Force est de constater que les biens soumis aux taxes sur l’énergie sont beaucoup plus limités que les biens, ainsi que les services, frappés par la TVA. Cette différence s’explique par le but visé par ces deux « taxes »[3]. La TVA est un impôt perçu sur la plupart des biens et des services consommés en Suisse. Sa raison d’être est de frapper le consommateur afin de générer des recettes. Elle ne vise pas à dissuader les consommateurs d’acheter les biens ou les services concernés, ce qui serait d’ailleurs contraire à son but. Tandis que les taxes sur l’énergie visent à réduire l’utilisation de certaines sources d’énergie d’une manière considérable. Raison pour laquelle, elles sont uniquement perçues sur des sources concernées. L’esprit de ces deux impôts est ainsi complètement différent. Par conséquent, d’un point de vue purement fiscal, il ne convient pas de remplacer la TVA par une taxe sur l’énergie.
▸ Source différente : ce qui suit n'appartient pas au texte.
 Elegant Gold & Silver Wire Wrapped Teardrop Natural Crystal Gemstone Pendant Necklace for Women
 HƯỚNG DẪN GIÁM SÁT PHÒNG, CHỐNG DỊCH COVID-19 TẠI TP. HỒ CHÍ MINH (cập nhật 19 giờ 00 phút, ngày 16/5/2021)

Faut-il « remplacer la taxe sur la valeur ajoutée par une taxe sur l'énergie » ?D’un point de vue économique, il existe un écart considérable entre les recettes générées par ces deux « taxes ». Ceci est essentiellement dû au fait que la TVA trouve un champ d’application beaucoup plus large par rapport aux taxes sur l’énergie. En outre, afin de trouver un compromis entre les différents acteurs, les Etats tendent à opter pour des taux assez bas en matière de taxes sur l’énergie. A souligner que, ce phénomène ne réduit pas seulement les recettes mais aussi l’effet incitatif de ces dernières.
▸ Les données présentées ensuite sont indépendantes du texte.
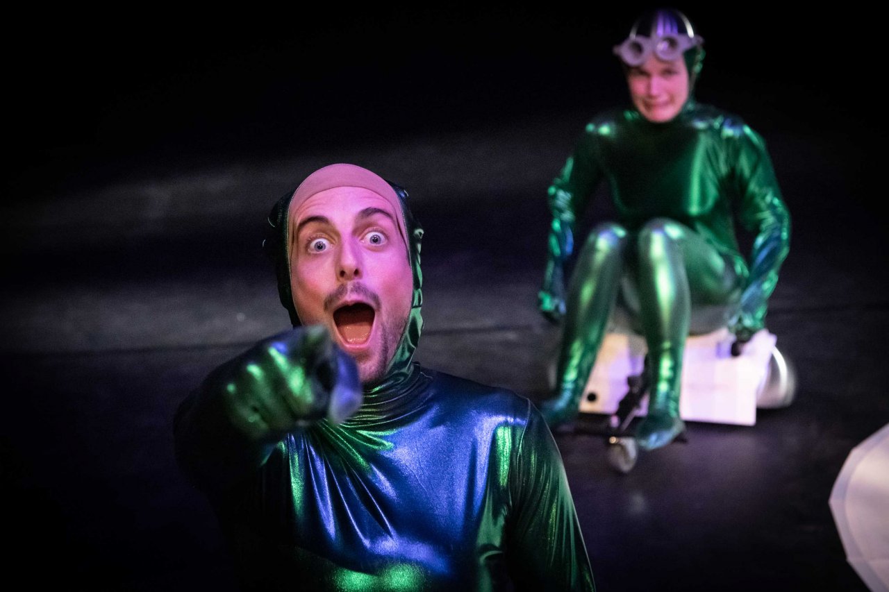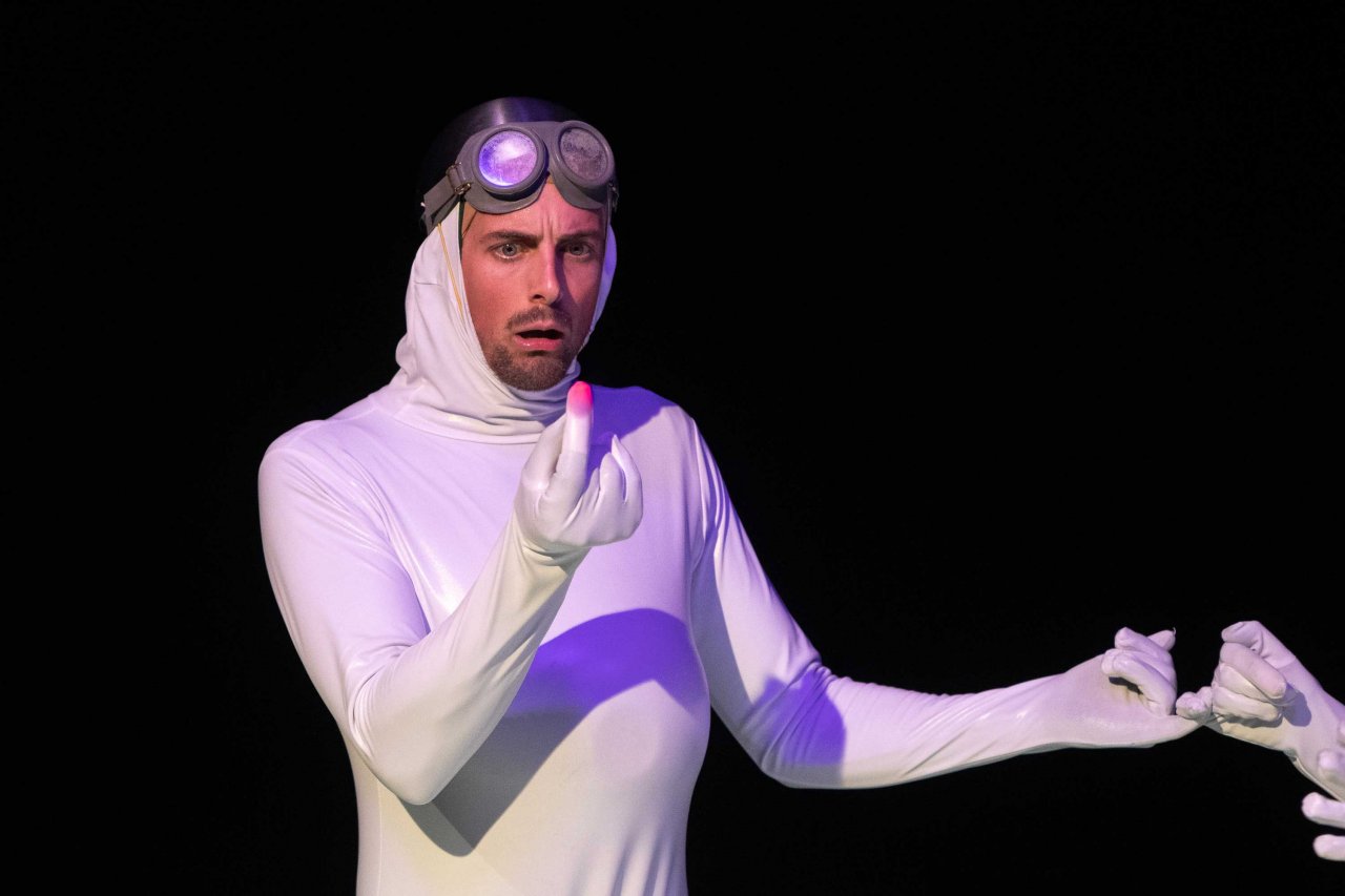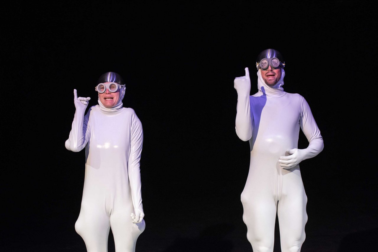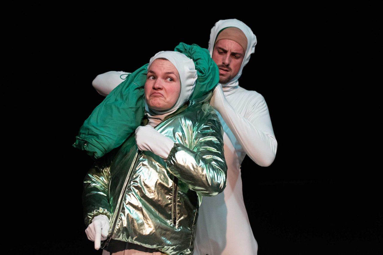 Was bin ich? Wer bin ich? Was kann ich sein? Poetisch und eigenwillig skurril werden Hürden des alltäglichen Anziehens erforscht und erweitern dabei spielerisch die Fantasieräume der kleinen aber auch der großen Zuschauenden.

Certes, l’implémentation des taxes sur l’énergie a un impact considérable sur la charge fiscale des contribuables. Contrairement à l’opinion générale, ces taxes n’affectent pas seulement les grandes entreprises mais aussi les ménages, surtout ceux à faible revenu. Afin d’atténuer cet effet indésirable, les Etats peuvent procéder à la réduction d’autres impôts. Par exemple, la Suède a opté pour la réduction des taux des impôts sur le revenu et sur le bénéfice. Il serait également envisageable de réduire le taux de la TVA dans ce cadre.
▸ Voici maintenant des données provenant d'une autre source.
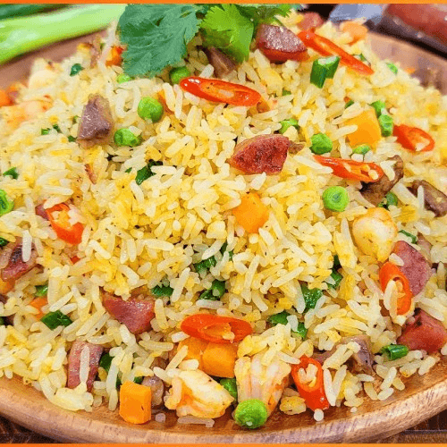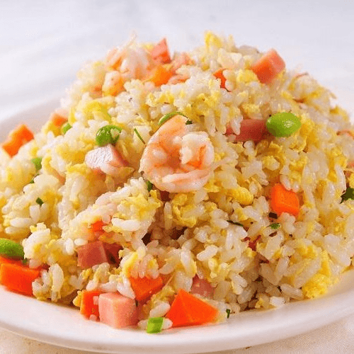 A perfect balance and well seasoned wok fried rice with shrimp, carrot, pea, Asian sausage, egg, and green onion.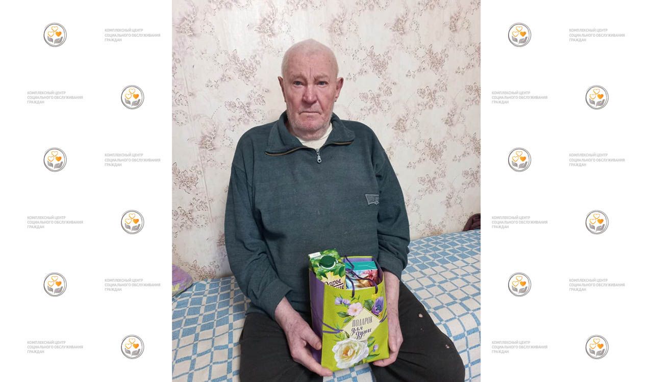 Аркадий Алексеевич Нечаев не так давно отметил 84 года. Праздник прошел в уютной домашней атмосфере, без гостей и торжеств. Наши получатели социальных услуг очень ответственно относятся к рекомендациям медиков и соблюдают режим самоизоляции. Праздники откладывают на потом, когда ситуация с заболеваемостью нормализуется и можно будет свободно общаться с друзьями, соседями и близкими. И, тем не менее – какой же праздник без поздравлений! Пожелания от коллектива нашего Центра и приятные подарки Аркадию Алексеевичу передала социальный работник Центра Харисова Флюра Мансуровна. Еще раз хотим пожелать нашему подопечному – как можно больше улыбок, счастья, здоровья и дальнейшего долголетия!

Les Etats disposent aussi d’autres moyens pour réduire le recours à certaines sources d’énergie. Toujours dans le cadre fiscal, à la place d’une nouvelle taxe, des mesures ciblées peuvent être introduites dans des systèmes d’impôts déjà existants. On pourrait songer à ne pas permettre la déduction des frais de déplacement en cas d’utilisation d’un véhicule privé en matière d’impôt sur le revenu.[4] Une autre méthode, très fréquemment utilisée, consiste à octroyer un certain nombre de certificats d’émission aux agents pollueurs. Par ce biais, l’Etat fixe un quota d’émission de substances toxiques pour chaque agent. Les agents qui émettent moins de substances toxiques de ce qui est permis par leurs certificats, disposent d’une possibilité de vendre leurs certificats non utilisés aux autres agents. Dans la plupart des Etats européens, tels que les Pays-Bas, l’Allemagne et l’Angleterre, cette transaction est soumise…à la TVA !

Alara Efsun Yazicioglu, Consultante pour le magazine Le Monde EconomiqueAlara Efsun Yazicioglu, Consultante pour le magazine Le Monde Economique et Tax and Sports Law Expert


[1] https://www.news.admin.ch/message/index.html?lang=fr&msg-id=55839.

[2] A souligner qu’il existe déjà plusieurs taxes écologiques en Suisse.

[3] La TVA est un impôt et pas une taxe comme son nom l’indique.

[4] Jeffrey Owens, Environment and Taxation: Mutually Reinforcing Policies in Bulletin for International Taxation, Vol. 47, N.12, 1993, p. 709.